◆ Work to complete: Please set down exactly the lines from the one containing "在讲解员的细致讲解下,学生们" through the last line of the records below, both included, with no pictures.

◆ Entries shown:
______
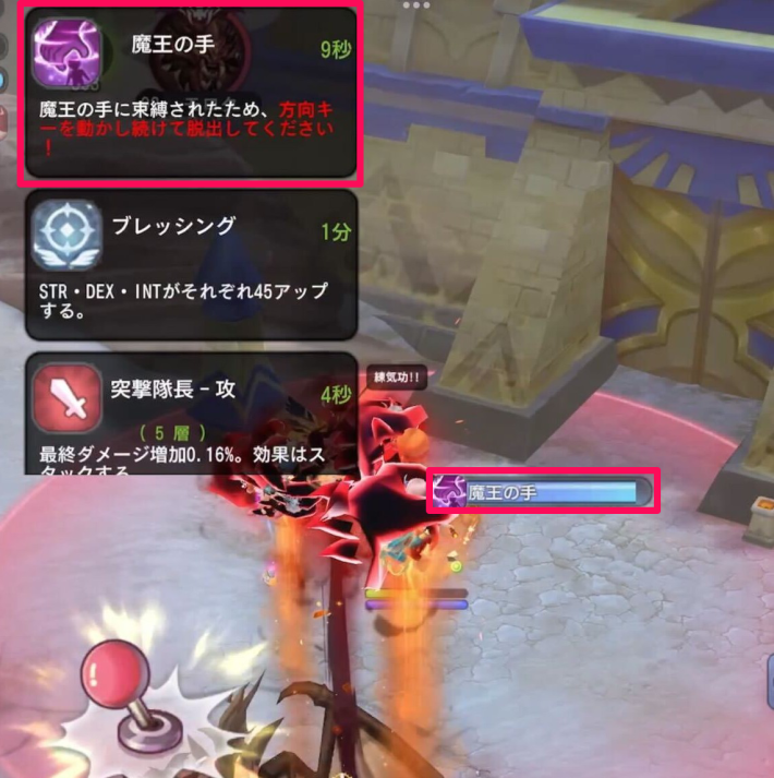 方向キーを動かし続けることで、魔王の手から逃れられます。画面上の方向キーの上で指を素早く滑らせることがコツです。
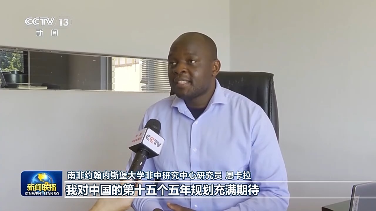 南非約翰內斯堡大學非中研究中心研究員 恩卡拉:我對中國的第十五個五年規劃充滿期待,我認為它將繼續聚焦以科研創新、人才培養、綠色發展等為主要內容的新質生產力的發展。我也期待中國在綠色能源、基建合作等領域持續發揮引領作用,為全球南方國家發展注入至關重要的確定性與驅動力。
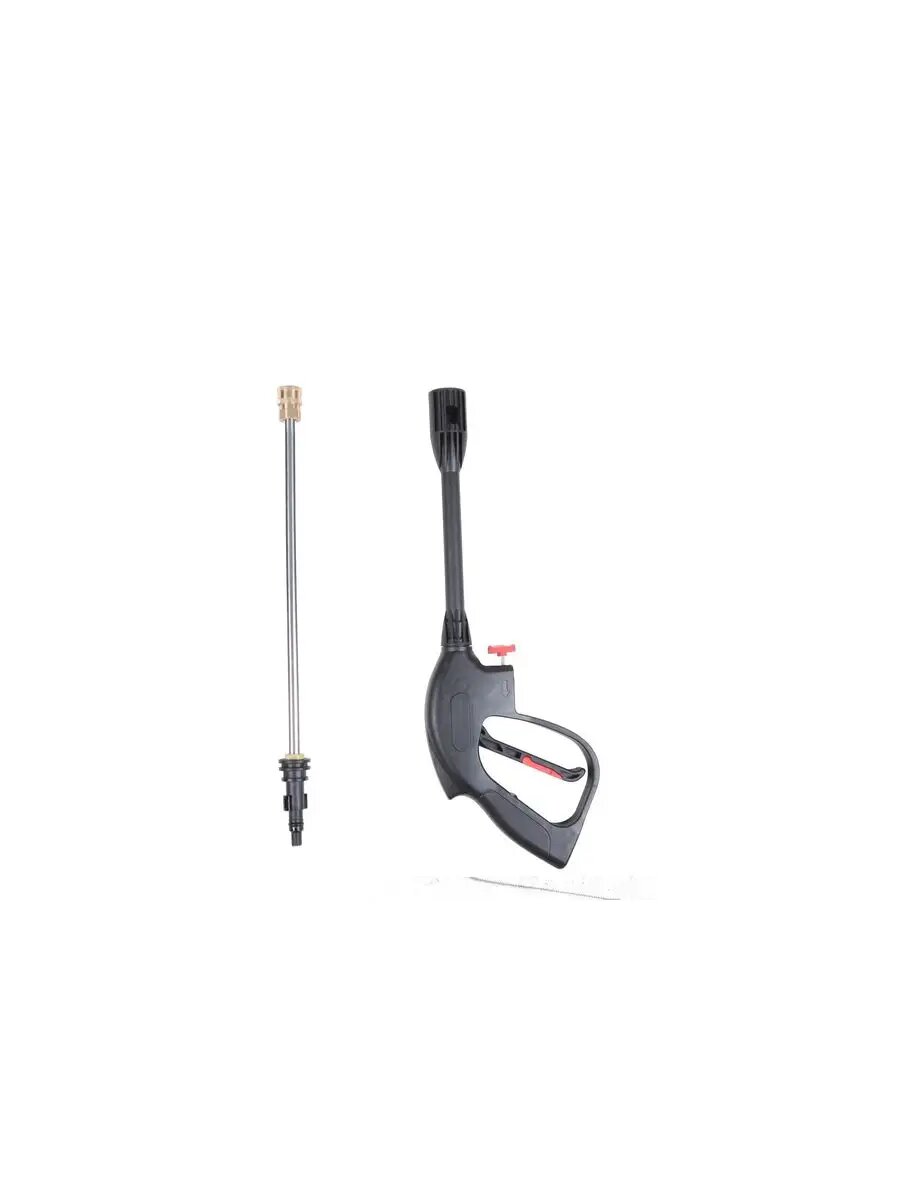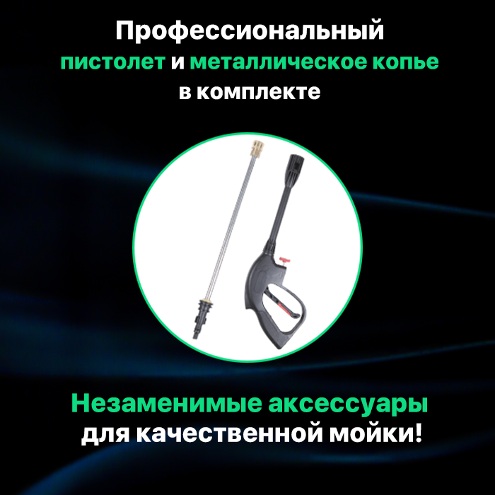 | Плюсы: | мягкий шланг, нормальный напор, удобный пистолет, надежные крепления насадок |
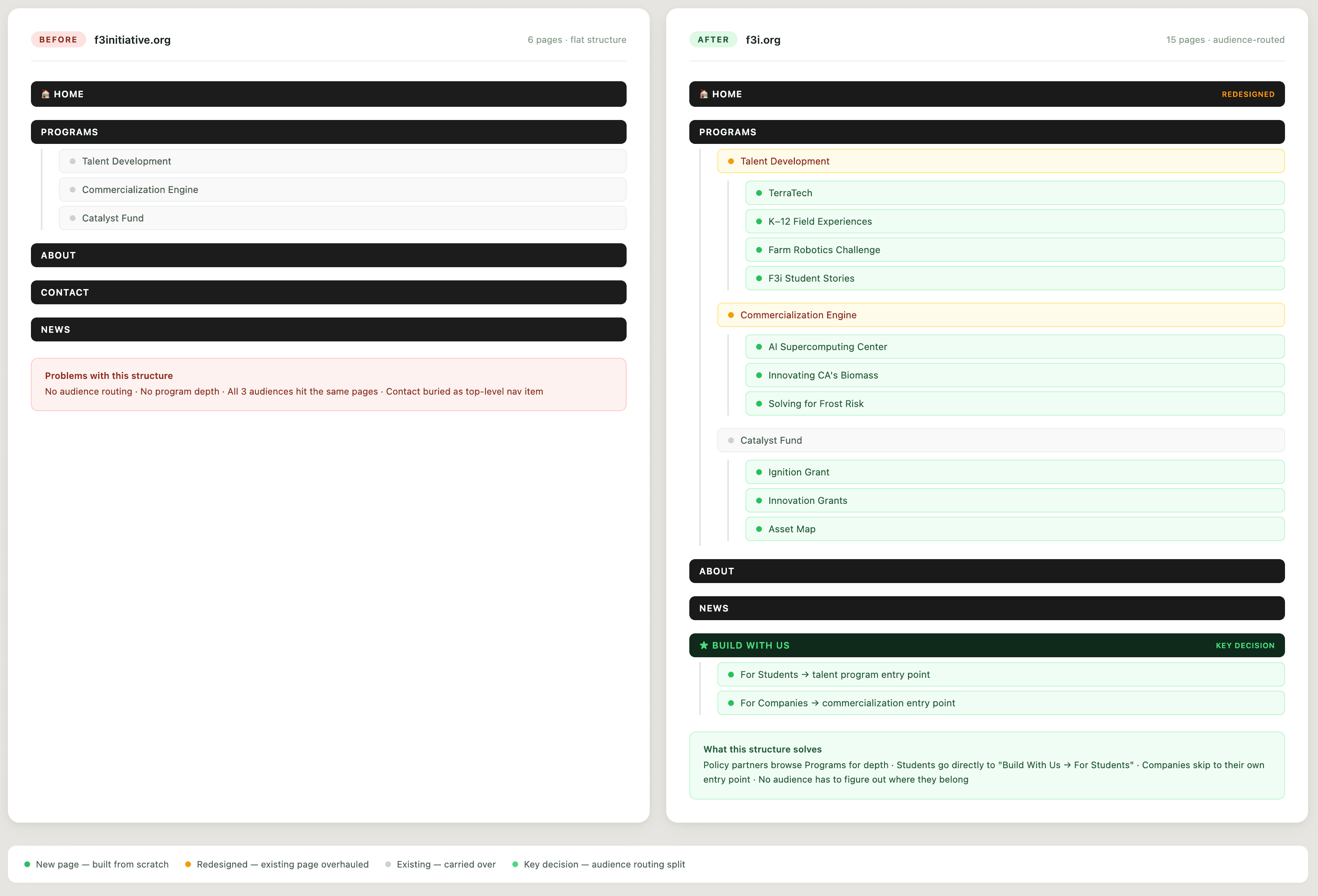 F3i provided a rough Canva sitemap: a starting list of pages, not a finished IA. I audited the existing six-page site against the brief and mapped each page to the key questions visitors would ask.
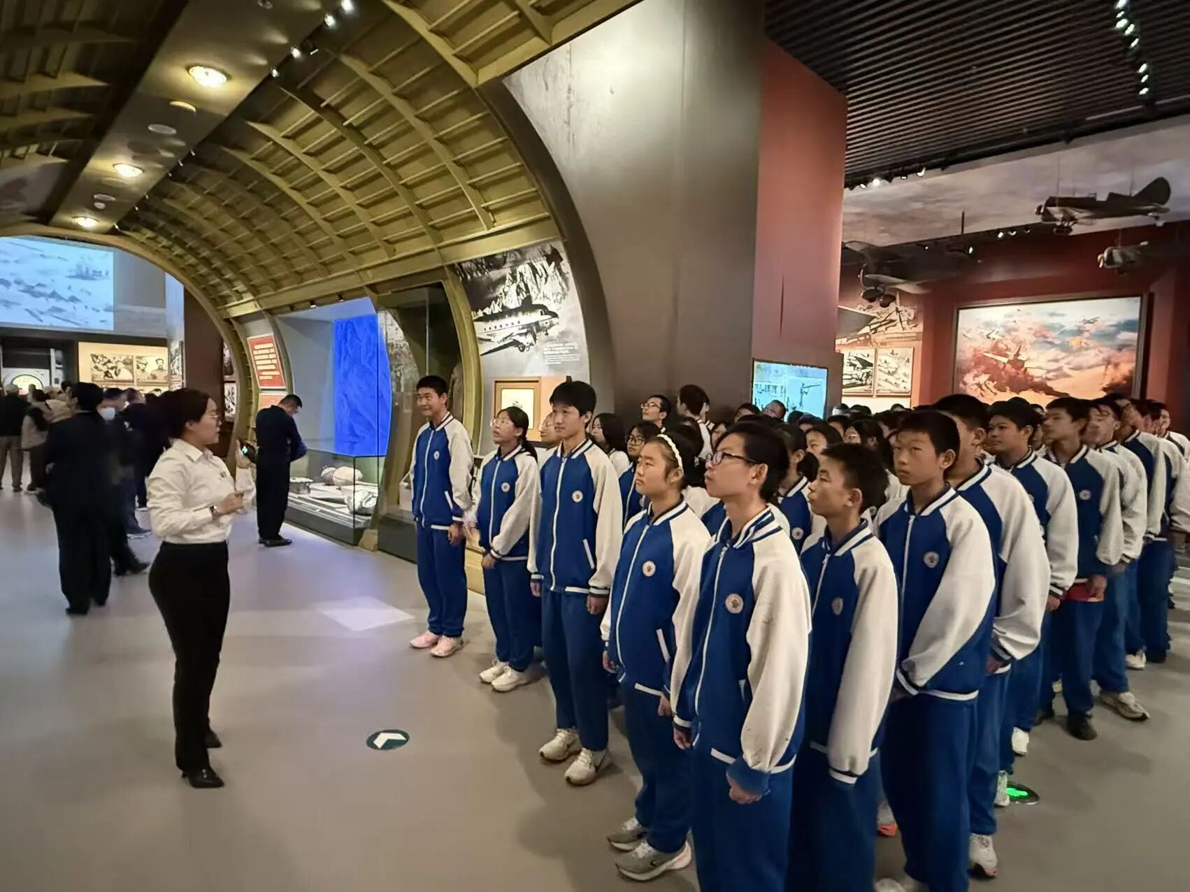在讲解员的细致讲解下,学生们时而驻足凝视,时而认真记录,时而低声交流,深刻感受到了革命先辈为国家独立、民族解放所付出的巨大牺牲,也更加明白了和平的来之不易。
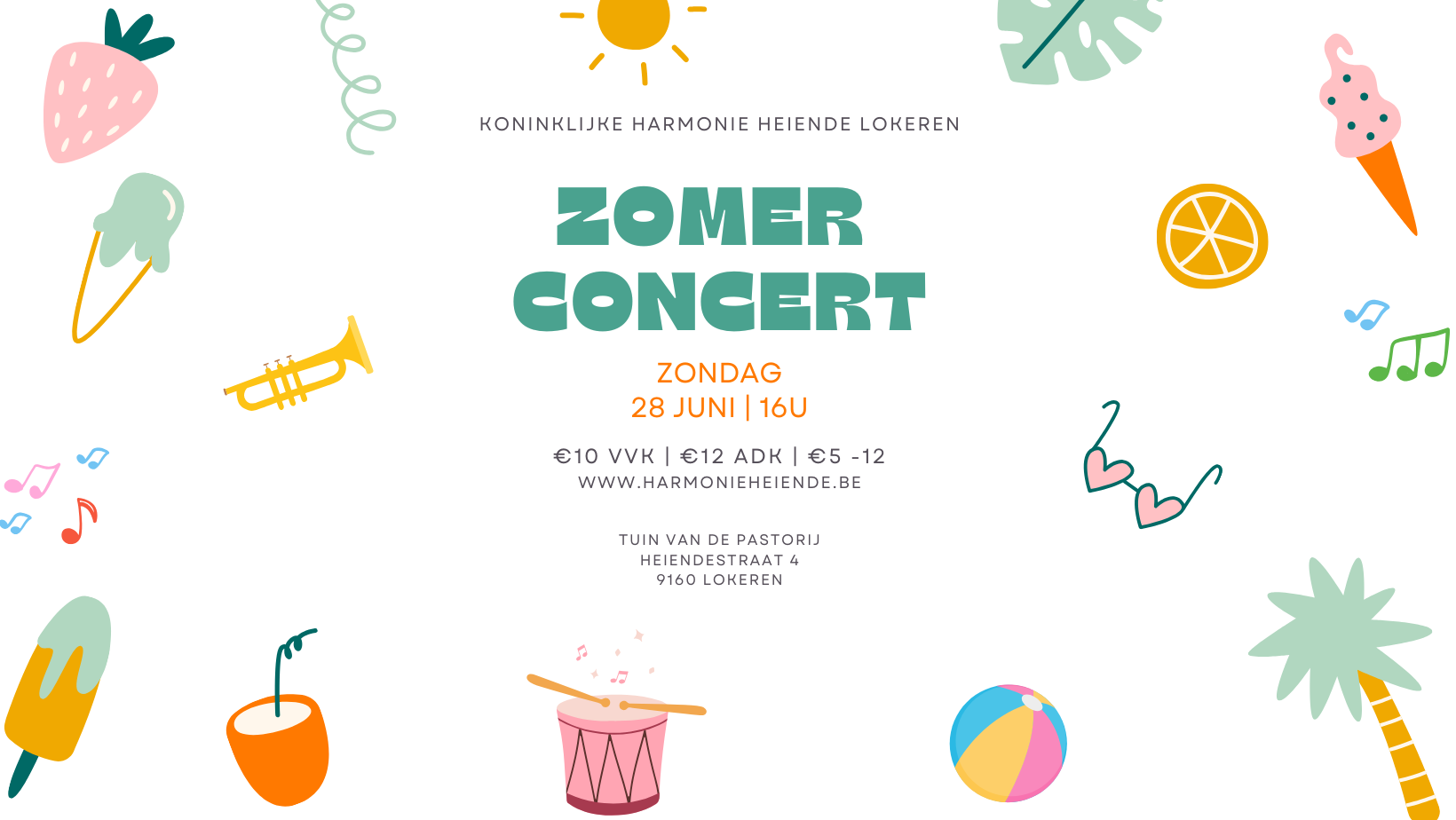 Op zondag 28 juni nodigt de Koninklijke Harmonie Heiende Lokeren jullie van harte uit voor een sfeervol zomerconcert in de prachtige tuin van de pastorij van Heiende onder leiding van Stef Hesters.
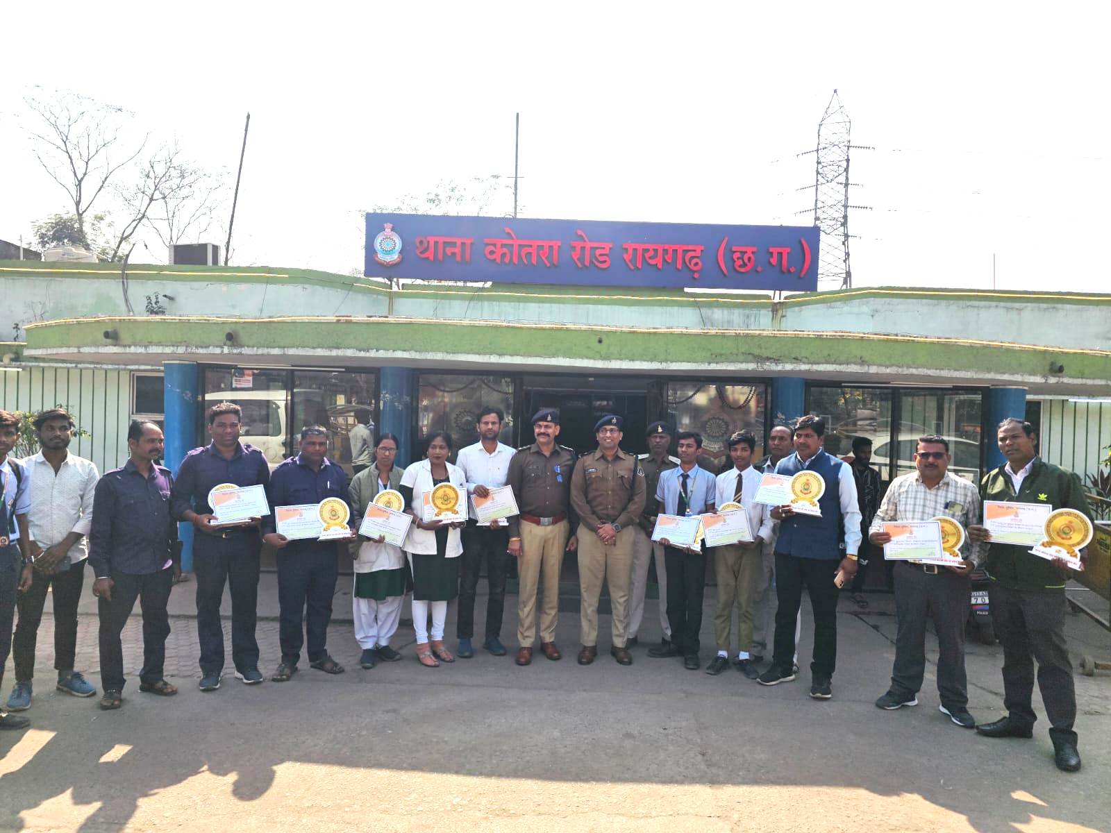 इस अवसर पर अतिरिक्त पुलिस अधीक्षक श्री आकाश मरकाम और थाना प्रभारी कोतरारोड़ श्री त्रिनाथ त्रिपाठी की उपस्थिति में थानाक्षेत्र के 10 उत्कृष्ट व्यक्तियों को प्रशस्ति पत्र और मोमेंटो देकर सम्मानित किया। इनमें शिक्षकों, स्वास्थ्य कर्मियों, ग्राम कोटवारों और छात्रों को उनके विशिष्ट योगदान के लिए सराहा गया।
______
◆ Final answer:
在讲解员的细致讲解下,学生们时而驻足凝视,时而认真记录,时而低声交流,深刻感受到了革命先辈为国家独立、民族解放所付出的巨大牺牲,也更加明白了和平的来之不易。
 Op zondag 28 juni nodigt de Koninklijke Harmonie Heiende Lokeren jullie van harte uit voor een sfeervol zomerconcert in de prachtige tuin van de pastorij van Heiende onder leiding van Stef Hesters.
 इस अवसर पर अतिरिक्त पुलिस अधीक्षक श्री आकाश मरकाम और थाना प्रभारी कोतरारोड़ श्री त्रिनाथ त्रिपाठी की उपस्थिति में थानाक्षेत्र के 10 उत्कृष्ट व्यक्तियों को प्रशस्ति पत्र और मोमेंटो देकर सम्मानित किया। इनमें शिक्षकों, स्वास्थ्य कर्मियों, ग्राम कोटवारों और छात्रों को उनके विशिष्ट योगदान के लिए सराहा गया।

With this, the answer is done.